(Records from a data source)
* * *

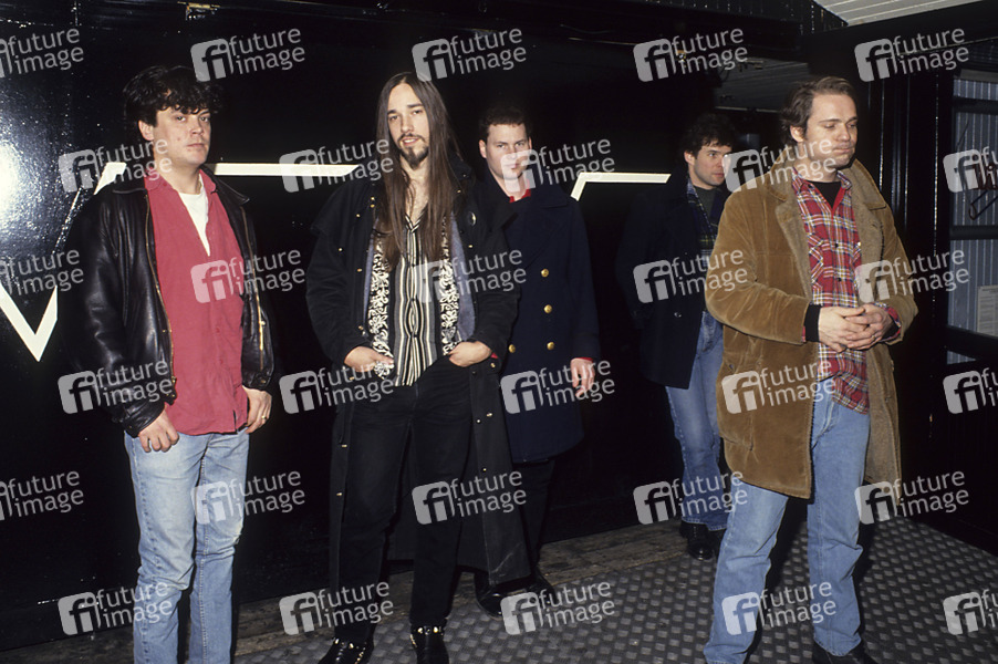Paul Langlois, Rob Baker, Johnny Fay, Gord Sinclair und Gord Downie von The Tragically Hip bei einem Photoshooting im Kaiserkeller. Hamburg, 10.08.1990
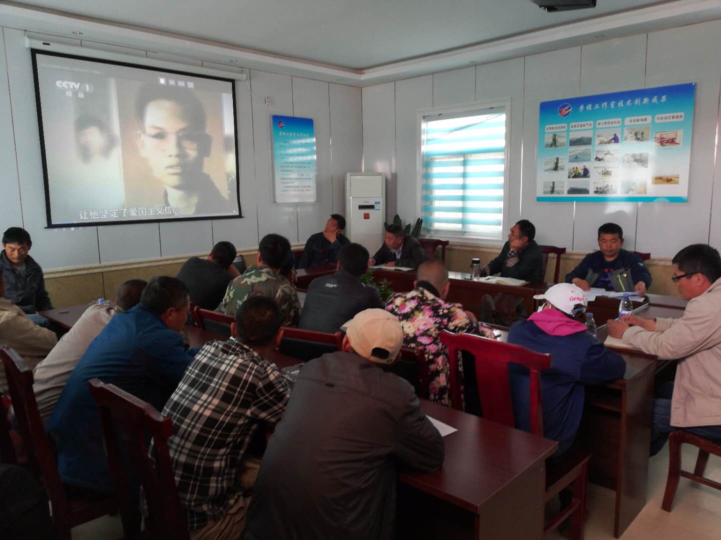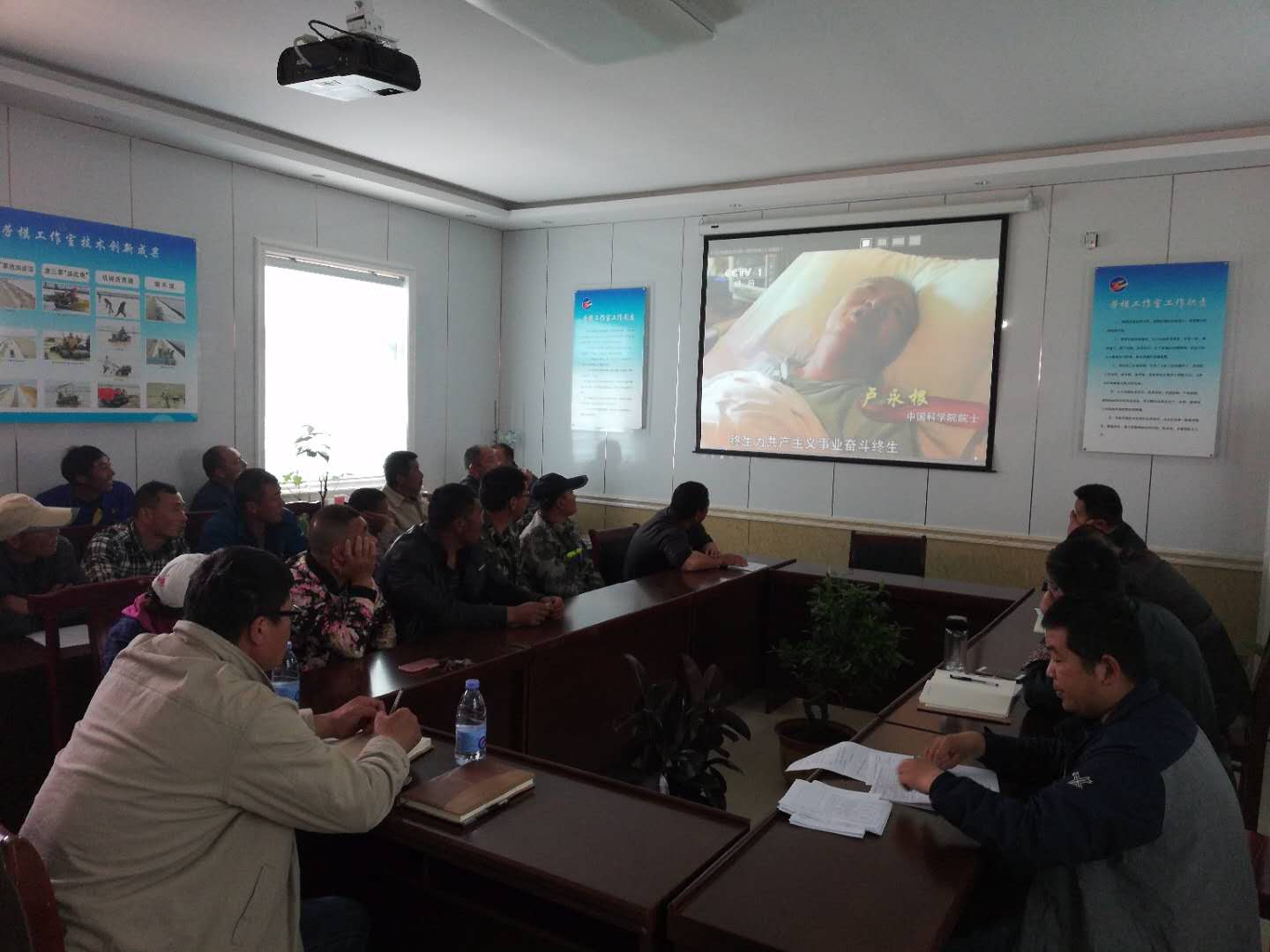4月25日下午,新河党支部召集全体党员在劳模活动室观看《感动中国2017年度人物》系列短片。
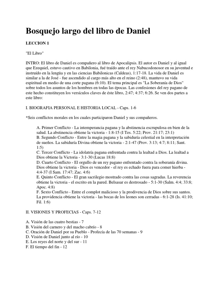 Bosquejo Largo Del Libro de Daniel PDF Daniel (figura bíblica) Libro de daniel
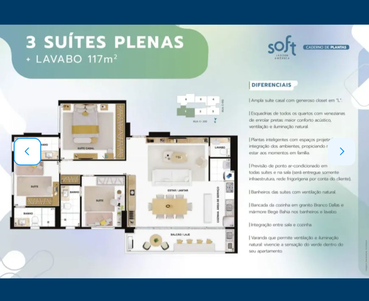 Apartamento com 3 Quartos e 4 banheiros à Venda, 117 m² por R$ 990.000 Apartamento com 3 suítes plenas a venda Residencial Soft Jardim América Imóvel é composto por ampla sala integrada com cozinha, varanda, lavabo, 3 quartos sendo todas tipo suíte; Diferenciais: Ampla suíte casal com generoso closet em “L”. Esquadrias de todos os quartos com venezianas de enrolar pretas: maior conforto acústico, ventilação e iluminação natural. Plantas inteligentes com espaços projetados para integração dos ambientes, propiciando mais bem-estar aos momentos em família. Previsão de ponto ar-condicionado em todas suítes e na sala (será entregue somente infraestrutura, rede frigorígena por conta do cliente). Banheiros das suítes com ventilação natural. Bancada da cozinha em granito Branco Dallas e mármore Bege Bahia nos banheiros e lavabo. Área privativa 117 m² 2 vagas de garagem Previsão de entrega: Junho 2026 --- Venda em parceria com a Sharks Imobiliária.
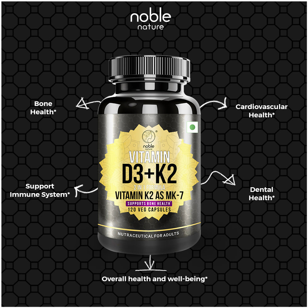 فيتامين د٣ + ك٢ كمكمل غذائي MK7 | يدعم مناعة أقوى وصحة العظام والقلب | صحة القلب للرجال والنساء - ١٢٠ كبسولة نباتية
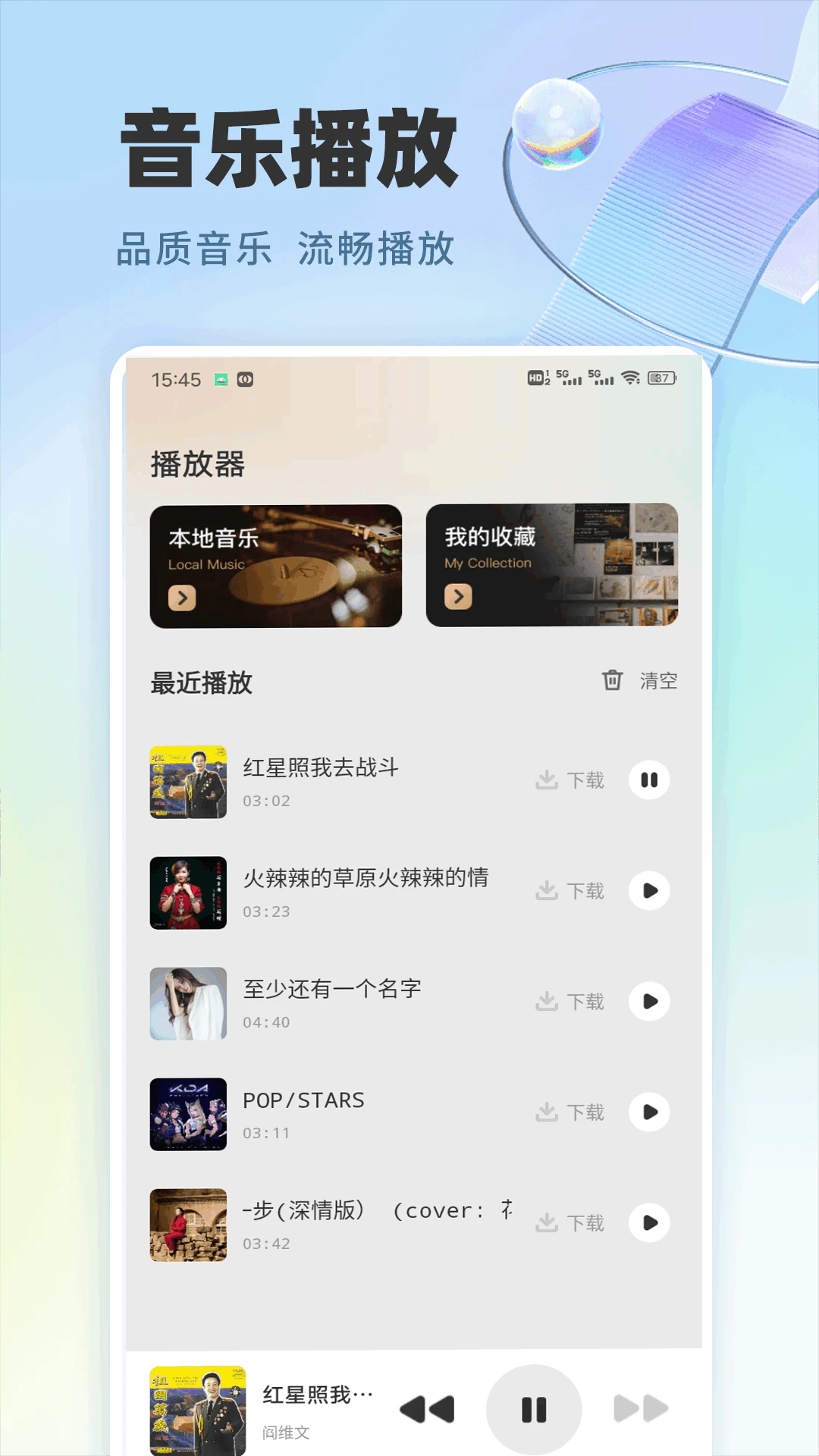 离线下载功能:支持离线下载,用户可以将喜欢的歌曲下载到本地,即使没有网络连接,也能随时随地享受音乐。
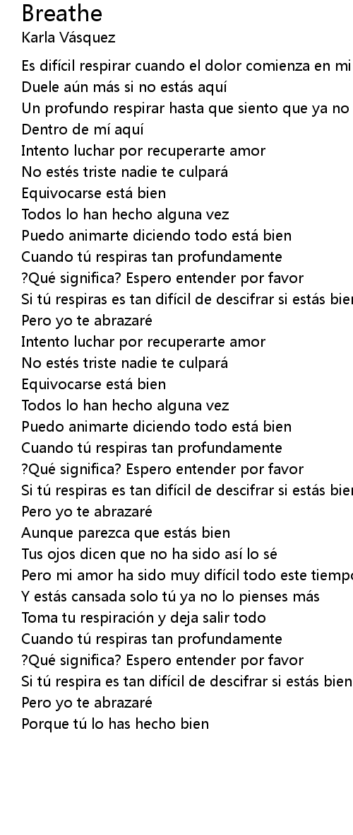 | [03:56.37] | Si tú respira es tan difícil de descifrar si estás bien |
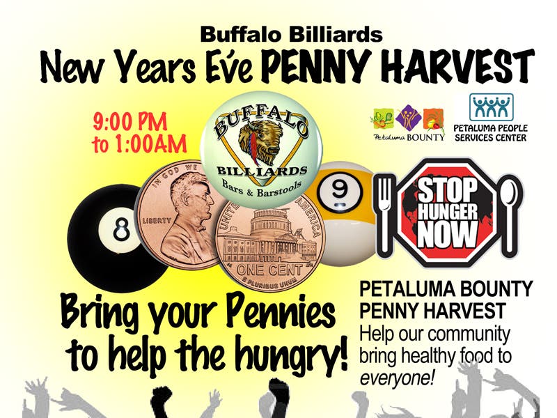 Here are some of the Buffalo Billiards crazy activities that will be taking place this New Year’s eve to help the Petaluma People’s Services Center and Petaluma Bounty harvest more pennies so they can buy more seeds to help stop hunger now.
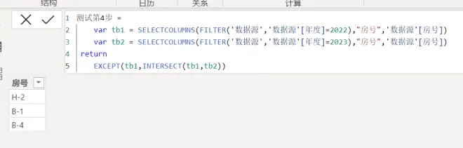 如下图所示,我们对2022年度的表取房号列(仍然是一张表只是只有一列而已)

* * *

(Problem to solve):
Retype all entries exactly, without the images.

(Result):
Paul Langlois, Rob Baker, Johnny Fay, Gord Sinclair und Gord Downie von The Tragically Hip bei einem Photoshooting im Kaiserkeller. Hamburg, 10.08.1990
4月25日下午,新河党支部召集全体党员在劳模活动室观看《感动中国2017年度人物》系列短片。
 Bosquejo Largo Del Libro de Daniel PDF Daniel (figura bíblica) Libro de daniel
 Apartamento com 3 Quartos e 4 banheiros à Venda, 117 m² por R$ 990.000 Apartamento com 3 suítes plenas a venda Residencial Soft Jardim América Imóvel é composto por ampla sala integrada com cozinha, varanda, lavabo, 3 quartos sendo todas tipo suíte; Diferenciais: Ampla suíte casal com generoso closet em “L”. Esquadrias de todos os quartos com venezianas de enrolar pretas: maior conforto acústico, ventilação e iluminação natural. Plantas inteligentes com espaços projetados para integração dos ambientes, propiciando mais bem-estar aos momentos em família. Previsão de ponto ar-condicionado em todas suítes e na sala (será entregue somente infraestrutura, rede frigorígena por conta do cliente). Banheiros das suítes com ventilação natural. Bancada da cozinha em granito Branco Dallas e mármore Bege Bahia nos banheiros e lavabo. Área privativa 117 m² 2 vagas de garagem Previsão de entrega: Junho 2026 --- Venda em parceria com a Sharks Imobiliária.
 فيتامين د٣ + ك٢ كمكمل غذائي MK7 | يدعم مناعة أقوى وصحة العظام والقلب | صحة القلب للرجال والنساء - ١٢٠ كبسولة نباتية
 离线下载功能:支持离线下载,用户可以将喜欢的歌曲下载到本地,即使没有网络连接,也能随时随地享受音乐。
 | [03:56.37] | Si tú respira es tan difícil de descifrar si estás bien |
 Here are some of the Buffalo Billiards crazy activities that will be taking place this New Year’s eve to help the Petaluma People’s Services Center and Petaluma Bounty harvest more pennies so they can buy more seeds to help stop hunger now.
 如下图所示,我们对2022年度的表取房号列(仍然是一张表只是只有一列而已)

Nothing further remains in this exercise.